**WORK INSTRUCTION:** Output every line below as it stands, dropping only the images.

**DATA TO PROCESS:**

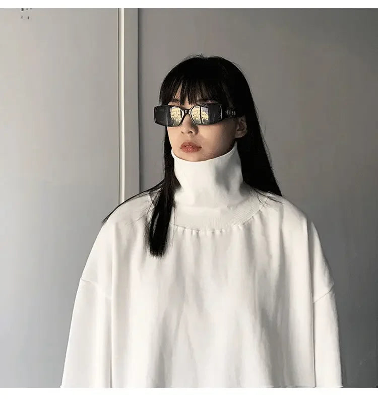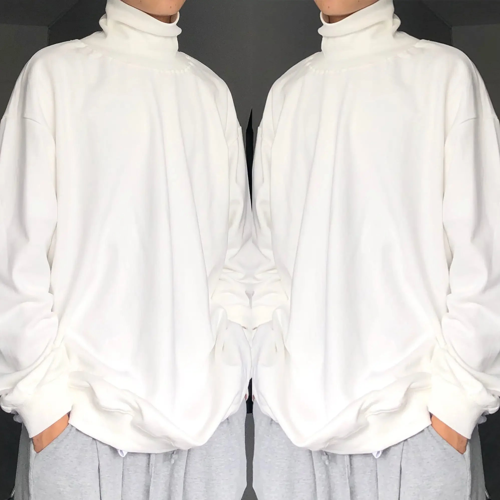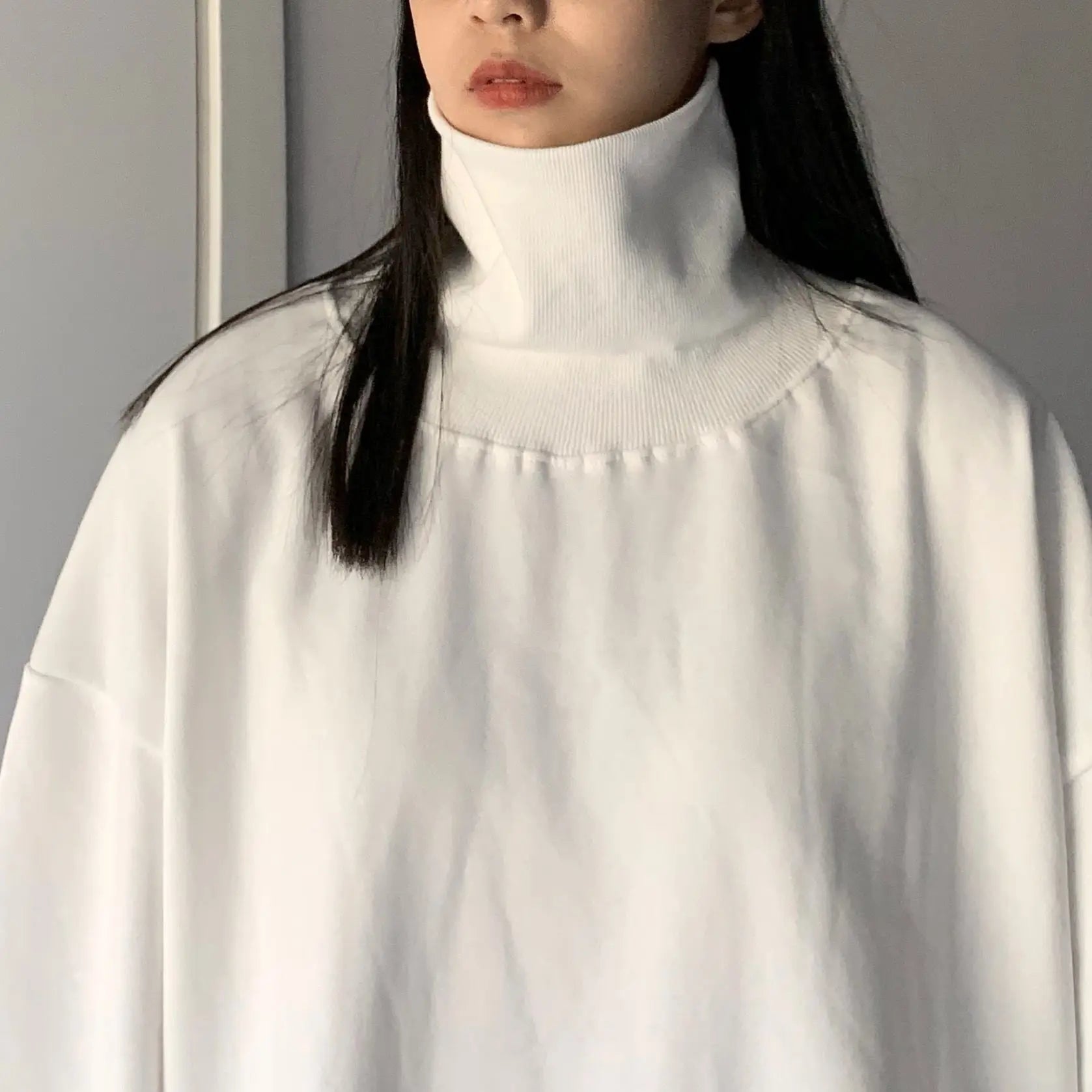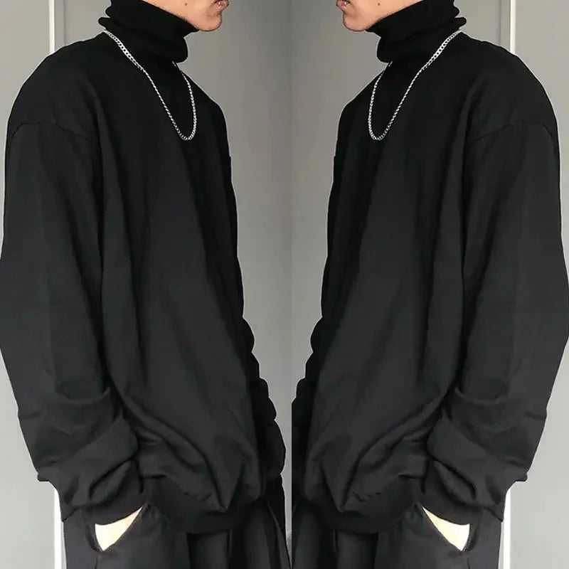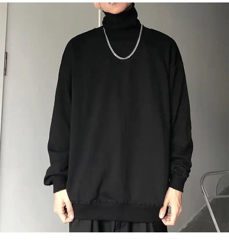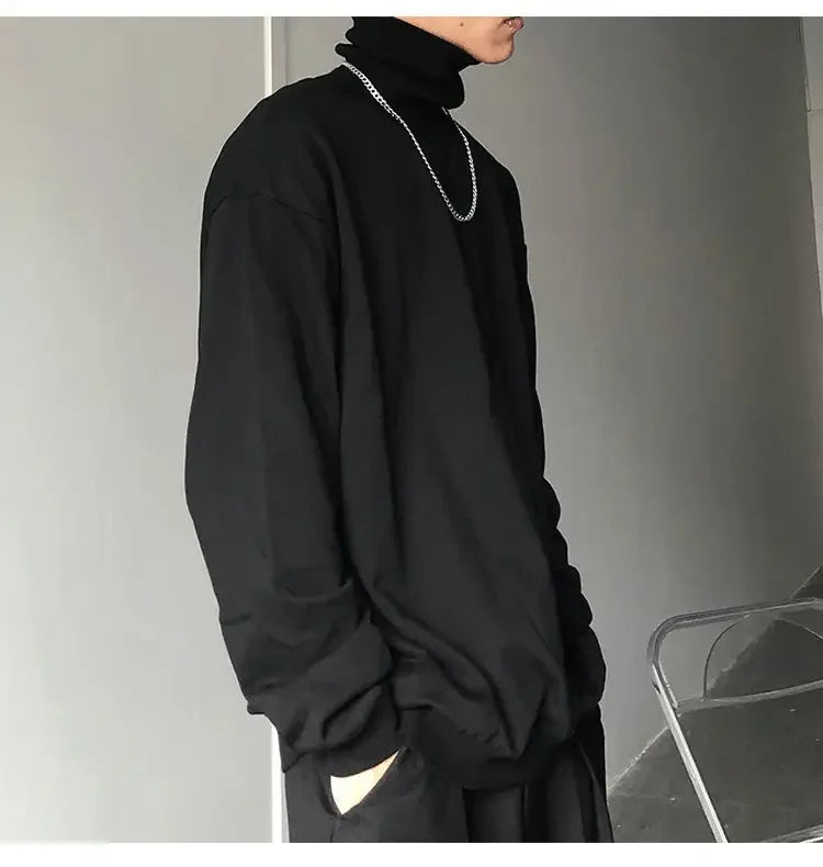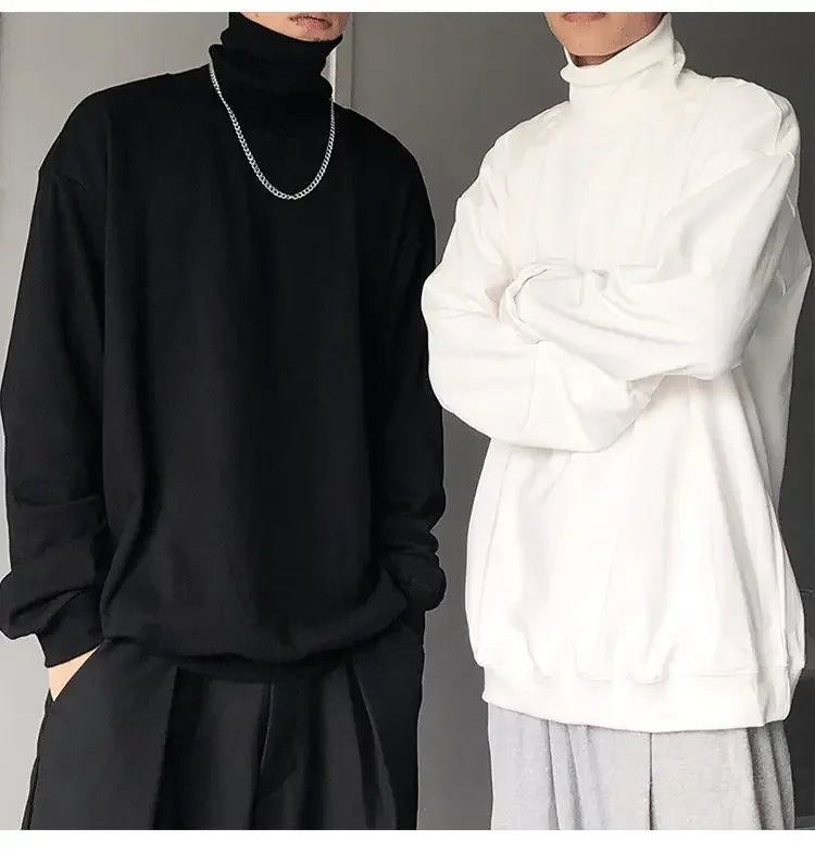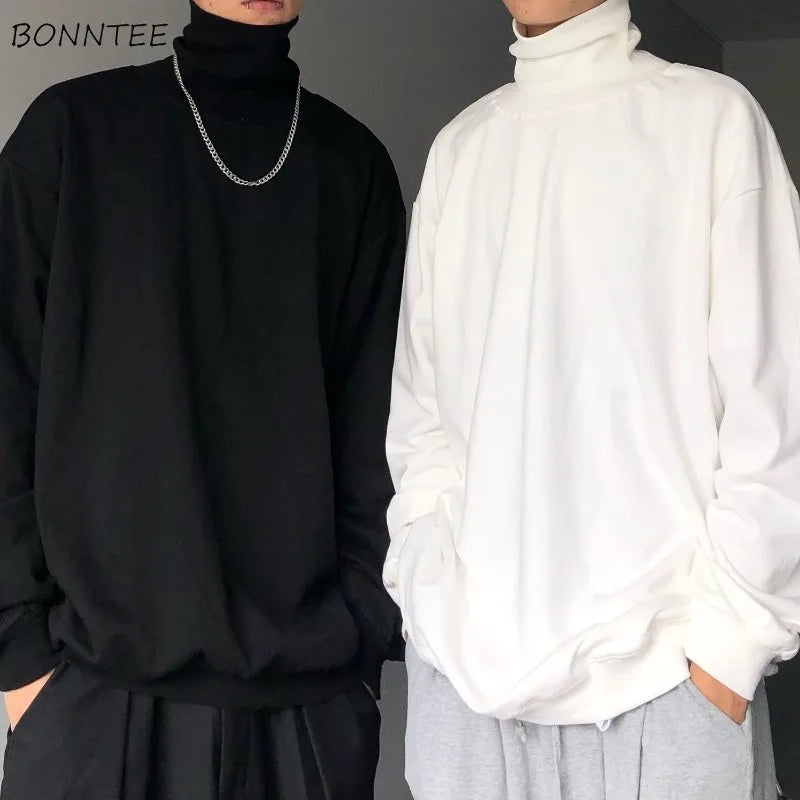 Turtle Neck Long Sleeve T-shirts Men Plus Velvet Warm Basic Solid Korean Style Loose CouplesTops Mens Clothes Streetwear Ins
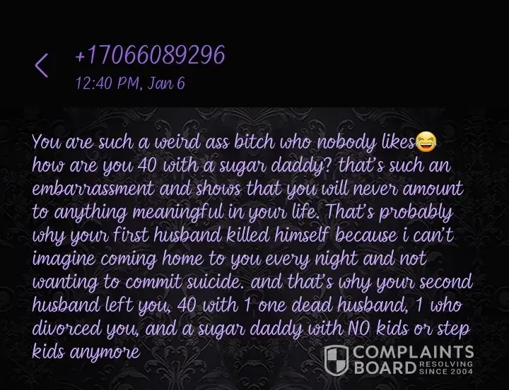 An employee that was being nosey about why I quit and about my current divorce sent me a message when she didn't get what she wanted saying my first husband killed himself to get away from me and talking about my stillborn baby boy. I won't have her distracting their memory. Since I said she was harassing me I can have her brought up on charges. I have spoken to law enforcement and Georgia State Prosecutor Carl Schluter. This isn't the first or second complaint I have filed about Candi Marshall with the store. This is the 4th complaint and the 2nd one about my son. It had also be the last.
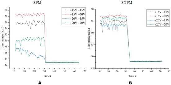 It can be seen in Figure 13 that the combined waveform of +15 V and −20 V had the highest reflected luminance and the combined waveform of +20 V and −15 V had the lowest reflected luminance. When in SNPM, the reflected luminance of EWDs was higher than that in SPM. At the same time, the average reflected luminance in Figure 13B was significantly greater than that in Figure 13A under the combination of +15 V and −20 V. The average reflected luminance in Figure 13B was significantly greater than the average reflected luminance in Figure 13A under the combined waveform of +20 V and −15 V. Therefore, the SNPM could bring better-reflected luminance. In addition, it could be observed from the comparison of Figure 10 and Figure 13 that better dynamic picture display quality can be achieved at the expense of a certain amount of reflective luminance.
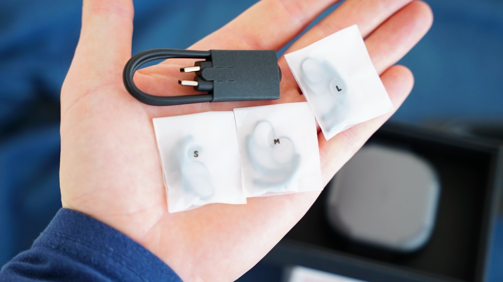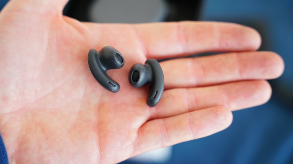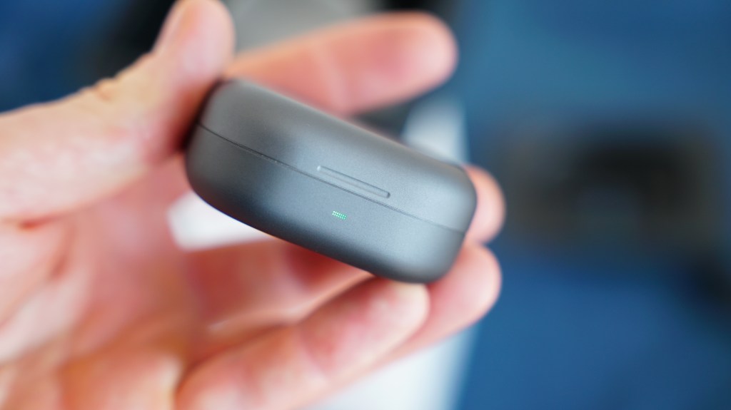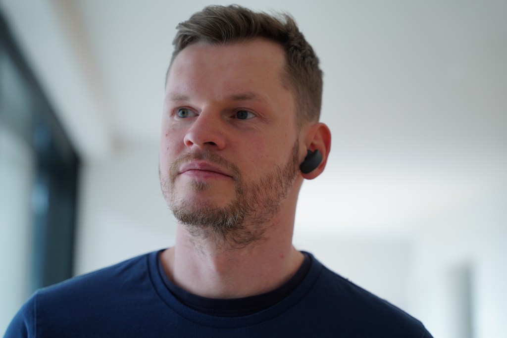 Ansonsten sind die In Ears ein echter Hingucker, das Ladecase hat an der Außenseite eine raue Metalloberfläche die sich kühl und hochwertig anfühlt. Das Ladecase ist vergleichsweise schwer und vermittelt dadurch ein hochwertiges Gefühl. Die In-Ears selbst sehen futuristisch aus und haben ein unkonventionelles Design. Der Ohrstöpsel ist ähnlich wie bei den AirPods, wobei das Hinterteil geschwungen ist und leicht an ein kurzes Headset erinnert.
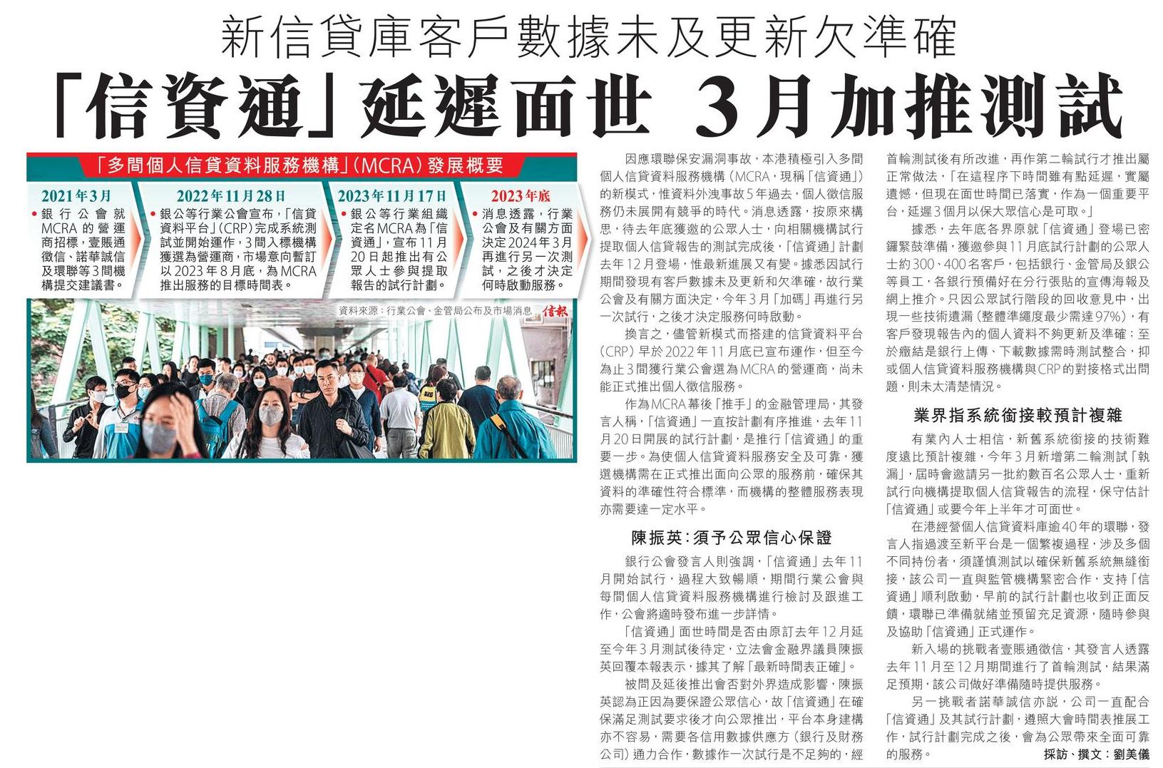「信資通」延遲面世 3月加推測試 新信貸庫客戶數據未及更新欠準確
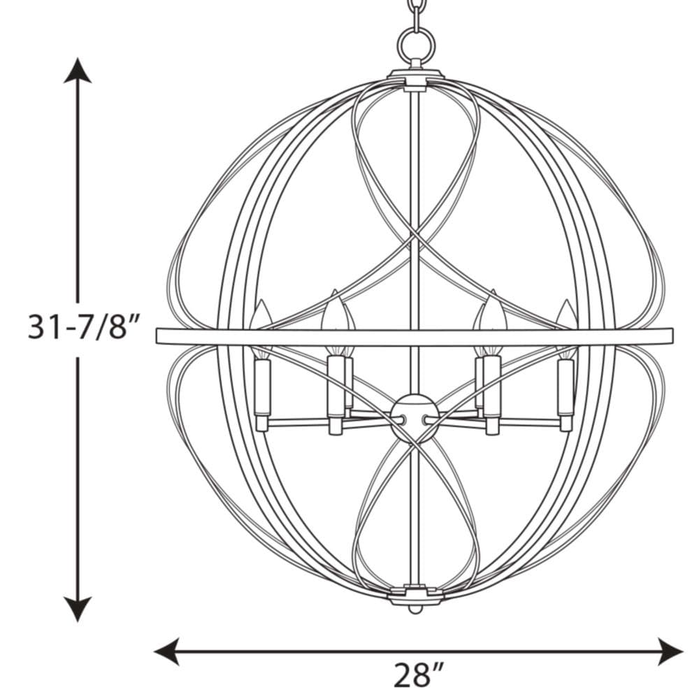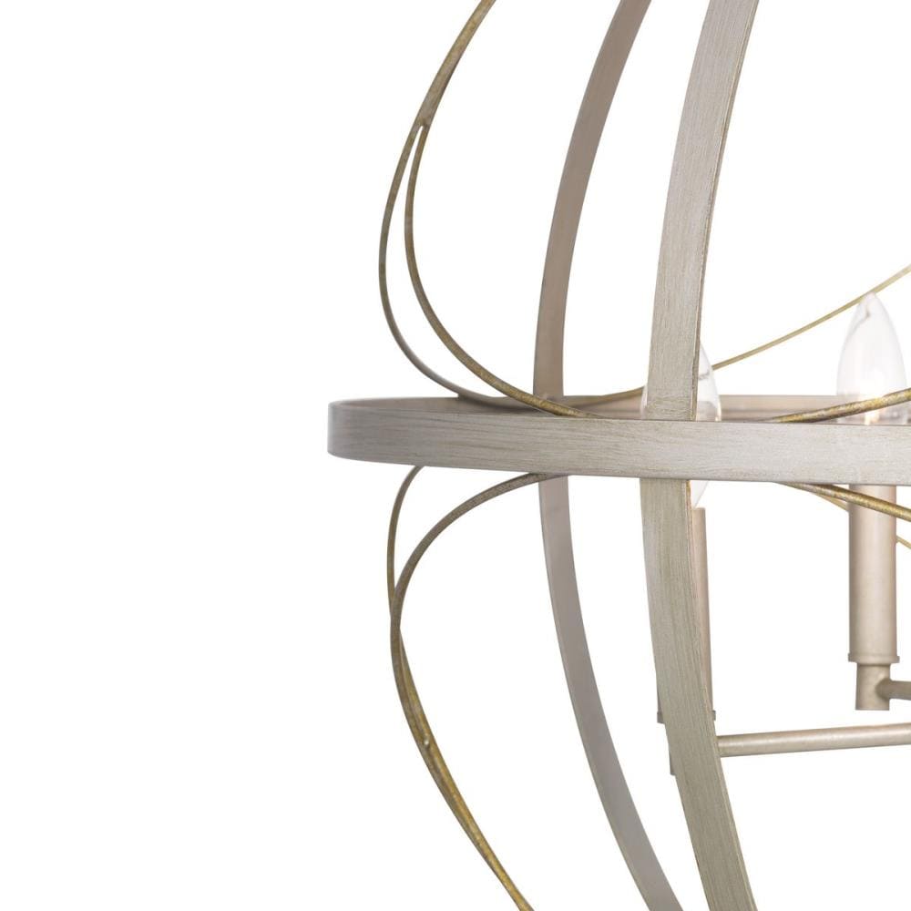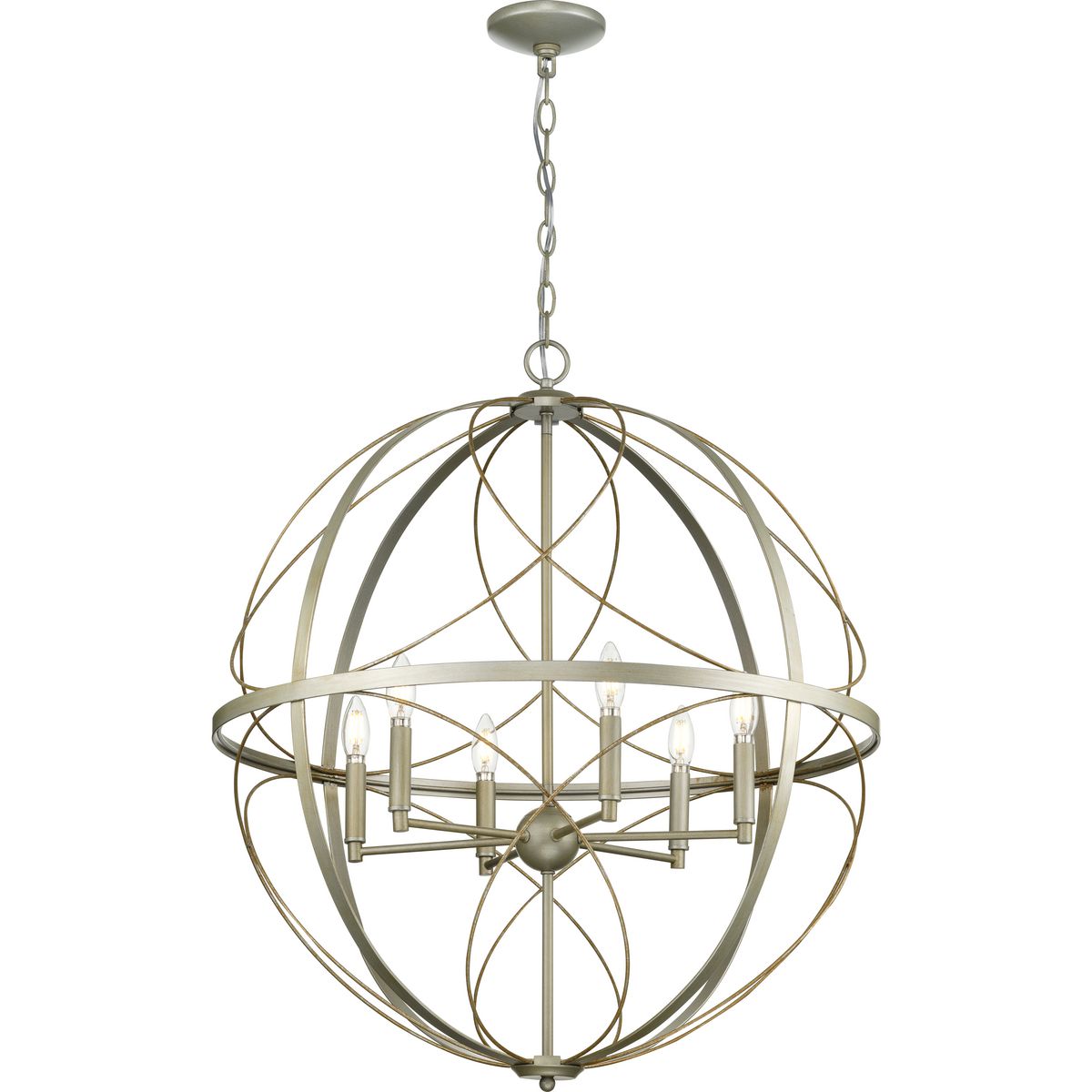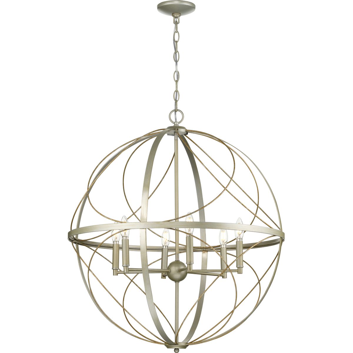 Enhance your spaces with the Brandywine 6-Light Silver Ridge Pendant Light by Progress Lighting. This elegant, transitional pendant features an open-frame sphere adorned with beautifully curved forms in a stunning silver ridge finish. Perfect for your dining room, kitchen, or foyer, it adds a sophisticated touch to both farmhouse and transitional decor styles.

**REPLY:**
 Turtle Neck Long Sleeve T-shirts Men Plus Velvet Warm Basic Solid Korean Style Loose CouplesTops Mens Clothes Streetwear Ins
 An employee that was being nosey about why I quit and about my current divorce sent me a message when she didn't get what she wanted saying my first husband killed himself to get away from me and talking about my stillborn baby boy. I won't have her distracting their memory. Since I said she was harassing me I can have her brought up on charges. I have spoken to law enforcement and Georgia State Prosecutor Carl Schluter. This isn't the first or second complaint I have filed about Candi Marshall with the store. This is the 4th complaint and the 2nd one about my son. It had also be the last.
 It can be seen in Figure 13 that the combined waveform of +15 V and −20 V had the highest reflected luminance and the combined waveform of +20 V and −15 V had the lowest reflected luminance. When in SNPM, the reflected luminance of EWDs was higher than that in SPM. At the same time, the average reflected luminance in Figure 13B was significantly greater than that in Figure 13A under the combination of +15 V and −20 V. The average reflected luminance in Figure 13B was significantly greater than the average reflected luminance in Figure 13A under the combined waveform of +20 V and −15 V. Therefore, the SNPM could bring better-reflected luminance. In addition, it could be observed from the comparison of Figure 10 and Figure 13 that better dynamic picture display quality can be achieved at the expense of a certain amount of reflective luminance.
 Ansonsten sind die In Ears ein echter Hingucker, das Ladecase hat an der Außenseite eine raue Metalloberfläche die sich kühl und hochwertig anfühlt. Das Ladecase ist vergleichsweise schwer und vermittelt dadurch ein hochwertiges Gefühl. Die In-Ears selbst sehen futuristisch aus und haben ein unkonventionelles Design. Der Ohrstöpsel ist ähnlich wie bei den AirPods, wobei das Hinterteil geschwungen ist und leicht an ein kurzes Headset erinnert.
「信資通」延遲面世 3月加推測試 新信貸庫客戶數據未及更新欠準確
 Enhance your spaces with the Brandywine 6-Light Silver Ridge Pendant Light by Progress Lighting. This elegant, transitional pendant features an open-frame sphere adorned with beautifully curved forms in a stunning silver ridge finish. Perfect for your dining room, kitchen, or foyer, it adds a sophisticated touch to both farmhouse and transitional decor styles.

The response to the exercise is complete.